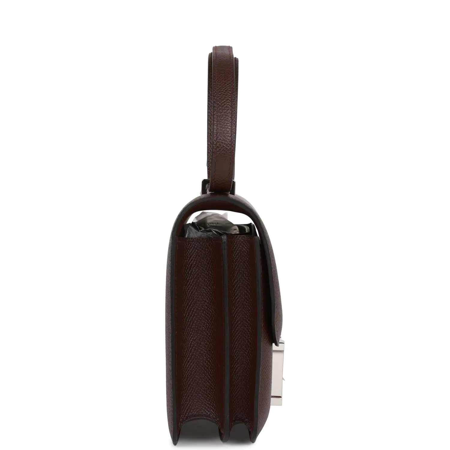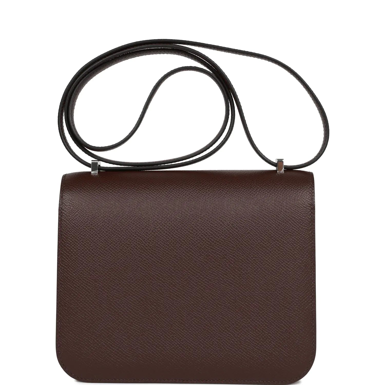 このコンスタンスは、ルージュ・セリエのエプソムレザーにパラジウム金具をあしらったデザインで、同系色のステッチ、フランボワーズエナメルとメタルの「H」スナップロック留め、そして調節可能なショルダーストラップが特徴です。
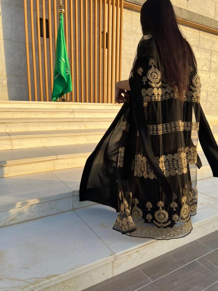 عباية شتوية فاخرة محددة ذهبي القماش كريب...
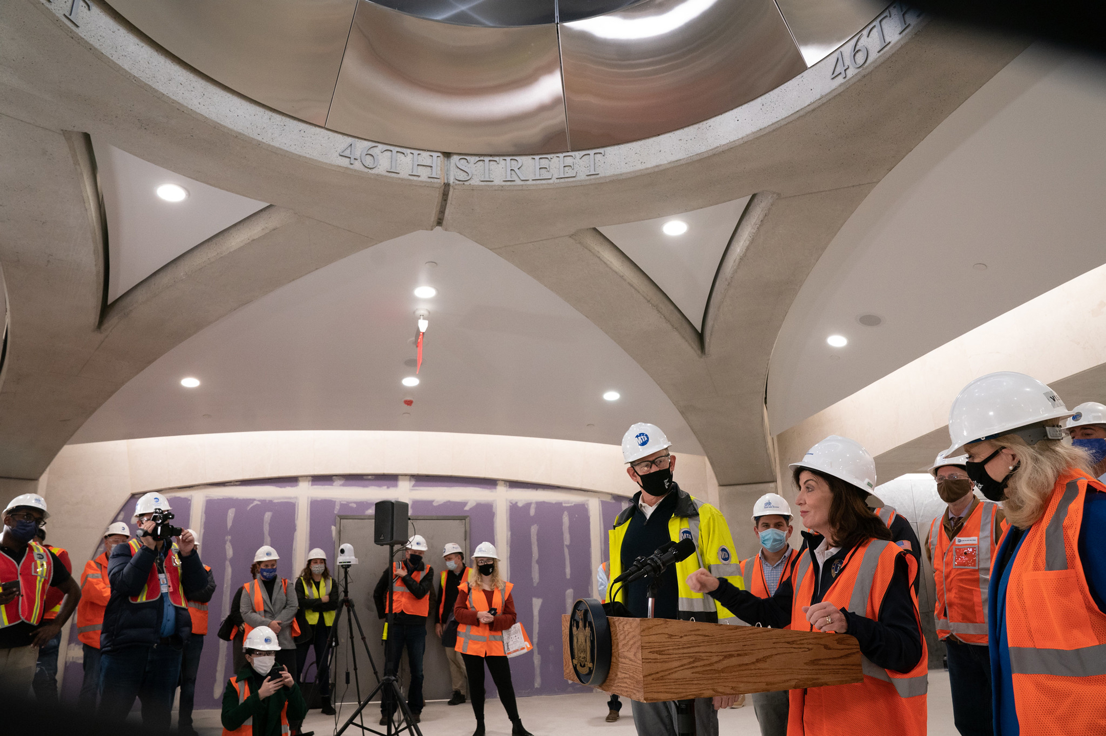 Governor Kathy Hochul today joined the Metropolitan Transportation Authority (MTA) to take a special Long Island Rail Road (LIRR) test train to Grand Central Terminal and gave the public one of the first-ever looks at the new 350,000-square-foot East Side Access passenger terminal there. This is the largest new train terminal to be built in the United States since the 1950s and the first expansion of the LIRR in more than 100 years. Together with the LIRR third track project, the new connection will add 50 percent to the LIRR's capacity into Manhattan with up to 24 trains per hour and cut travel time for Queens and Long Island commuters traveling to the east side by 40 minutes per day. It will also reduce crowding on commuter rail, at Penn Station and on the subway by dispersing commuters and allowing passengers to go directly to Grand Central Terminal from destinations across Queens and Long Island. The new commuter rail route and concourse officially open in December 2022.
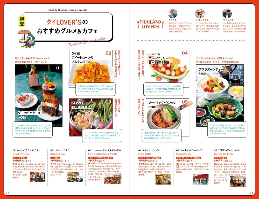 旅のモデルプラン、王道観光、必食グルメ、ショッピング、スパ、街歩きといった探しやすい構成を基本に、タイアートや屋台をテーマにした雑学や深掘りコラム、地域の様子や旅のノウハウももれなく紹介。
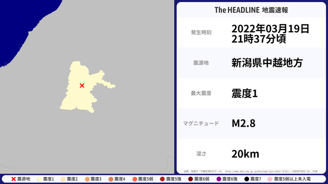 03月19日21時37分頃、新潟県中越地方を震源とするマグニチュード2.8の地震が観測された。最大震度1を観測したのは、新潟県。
——
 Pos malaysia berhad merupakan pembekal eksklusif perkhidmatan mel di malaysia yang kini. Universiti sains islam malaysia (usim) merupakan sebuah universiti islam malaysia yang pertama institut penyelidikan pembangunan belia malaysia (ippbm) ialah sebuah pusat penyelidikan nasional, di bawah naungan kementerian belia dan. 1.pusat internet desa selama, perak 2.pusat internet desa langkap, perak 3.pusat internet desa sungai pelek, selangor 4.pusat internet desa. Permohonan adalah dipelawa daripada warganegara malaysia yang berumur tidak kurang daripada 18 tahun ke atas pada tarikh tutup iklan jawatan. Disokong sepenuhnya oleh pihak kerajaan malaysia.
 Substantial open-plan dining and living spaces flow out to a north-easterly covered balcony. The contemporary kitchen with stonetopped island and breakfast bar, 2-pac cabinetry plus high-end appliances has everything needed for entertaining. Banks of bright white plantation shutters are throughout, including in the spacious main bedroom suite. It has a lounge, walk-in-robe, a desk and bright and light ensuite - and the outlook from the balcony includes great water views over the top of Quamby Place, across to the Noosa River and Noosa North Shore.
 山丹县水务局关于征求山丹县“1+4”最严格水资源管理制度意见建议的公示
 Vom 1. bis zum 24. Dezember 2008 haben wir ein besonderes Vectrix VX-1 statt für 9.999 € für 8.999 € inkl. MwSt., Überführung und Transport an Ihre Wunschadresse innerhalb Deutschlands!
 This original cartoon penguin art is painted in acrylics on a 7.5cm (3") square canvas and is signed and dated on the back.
——
→ TASK GOAL
Within the data above, repeat exactly the lines from the one bearing "このコンスタンスは、ルージュ" through the one bearing "03月19日21時37分頃、". Include no pictures and nothing else.

→ RESPONSE TO THE EXERCISE
 このコンスタンスは、ルージュ・セリエのエプソムレザーにパラジウム金具をあしらったデザインで、同系色のステッチ、フランボワーズエナメルとメタルの「H」スナップロック留め、そして調節可能なショルダーストラップが特徴です。
 عباية شتوية فاخرة محددة ذهبي القماش كريب...
 Governor Kathy Hochul today joined the Metropolitan Transportation Authority (MTA) to take a special Long Island Rail Road (LIRR) test train to Grand Central Terminal and gave the public one of the first-ever looks at the new 350,000-square-foot East Side Access passenger terminal there. This is the largest new train terminal to be built in the United States since the 1950s and the first expansion of the LIRR in more than 100 years. Together with the LIRR third track project, the new connection will add 50 percent to the LIRR's capacity into Manhattan with up to 24 trains per hour and cut travel time for Queens and Long Island commuters traveling to the east side by 40 minutes per day. It will also reduce crowding on commuter rail, at Penn Station and on the subway by dispersing commuters and allowing passengers to go directly to Grand Central Terminal from destinations across Queens and Long Island. The new commuter rail route and concourse officially open in December 2022.
 旅のモデルプラン、王道観光、必食グルメ、ショッピング、スパ、街歩きといった探しやすい構成を基本に、タイアートや屋台をテーマにした雑学や深掘りコラム、地域の様子や旅のノウハウももれなく紹介。
 03月19日21時37分頃、新潟県中越地方を震源とするマグニチュード2.8の地震が観測された。最大震度1を観測したのは、新潟県。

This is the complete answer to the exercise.